|The Venture Bros. episode|
|Directed by||Jackson Publick|
|Original air date||2 July 2006|
"Hate Floats" is the second episode in the second season of The Venture Bros.
Template:Plot The uncostumed #21 (also known as Gary) is sitting at his computer when the phone rings. Answering it with "Atomic Comic Collection Connection", he finds that it is #24 calling. Before the two get a chance to talk, The Monarch calls, and 21 puts him on three-way. The Monarch, who is sitting in the sideways-standing charred remains of the Cocoon, instructs the two to gather the others and meet at the cocoon. The henchmen reply that everyone else has joined Monstroso and that they are the last two remaining henchmen. In a heated speech, the Monarch demands that the cocoon be fully operational and fully manned by the time he finishes with his shower. While the episode's soundtrack swells with "Mars, the Bringer of War" by Gustav Holst (with #21 and #24 "singing" along with the song), 21 dons his old Monarch henching uniform while 24 arrives to pick him up. Their dramatic moment is spoiled by the family dog jumping into the car as well.
At the Venture compound, the clones of Dean and Hank are awoken for the first time, and are told that it's their sixteenth birthday despite the date inconsistency on their burnt ID cards. Meanwhile, #21 and #24 are out advertising the "sexy, action-packed lifestyle of the professional henchman" in an urban area when several gangstas and thugs show up, attracted by 21's promises of weapons and rides (the Flying Cocoon). The newly recruited henchmen arrive at the Cocoon while #21 and #24 manage to get it functional and floating.
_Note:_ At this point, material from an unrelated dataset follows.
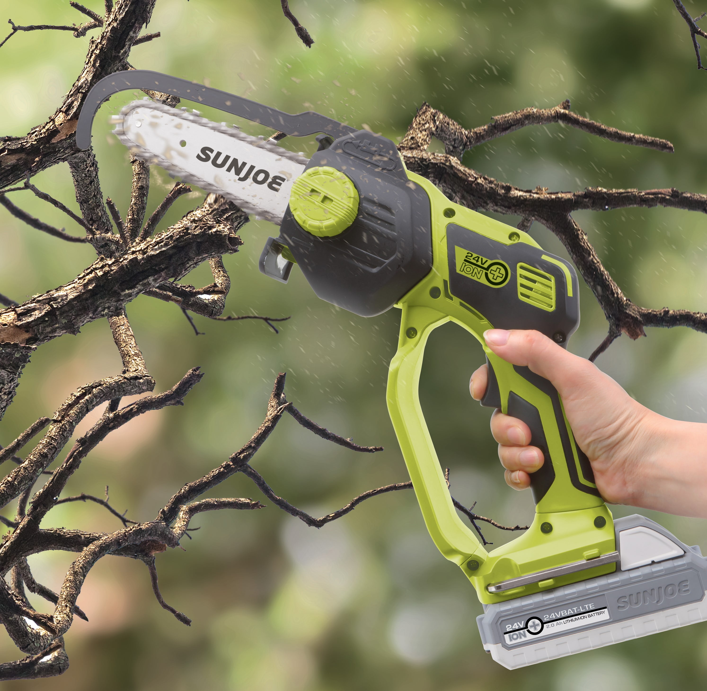 Sun Joe 24V Cordless 5-inch Handheld Pruning Chainsaw, 2.0-Ah Battery & Charger

The Monarch is shocked to learn that his henchmen displayed some level of competency and actually did what he told them to do. He reveals his new plan, "Operation: Get Back Dr. Girlfriend" to his new henchmen, who appear indifferent to the Monarch’s plight.
At the mall, Dr. Venture takes Dean to get his surprise birthday present. Much to Dean’s dismay, the present turns out be a jumpsuit, which Dr. Venture insists is a "speedsuit", clothing for the "science-minded man who knows both comfort and ease and demands them from his clothing." Incidentally, Phantom Limb and Dr. Girlfriend happen to be shopping at the very same mall, with the Monarch’s cocoon tailing them in the parking lot. Limb prepares for a dinner party, to which Dr. Girlfriend appears apathetic and leaves to get a snack.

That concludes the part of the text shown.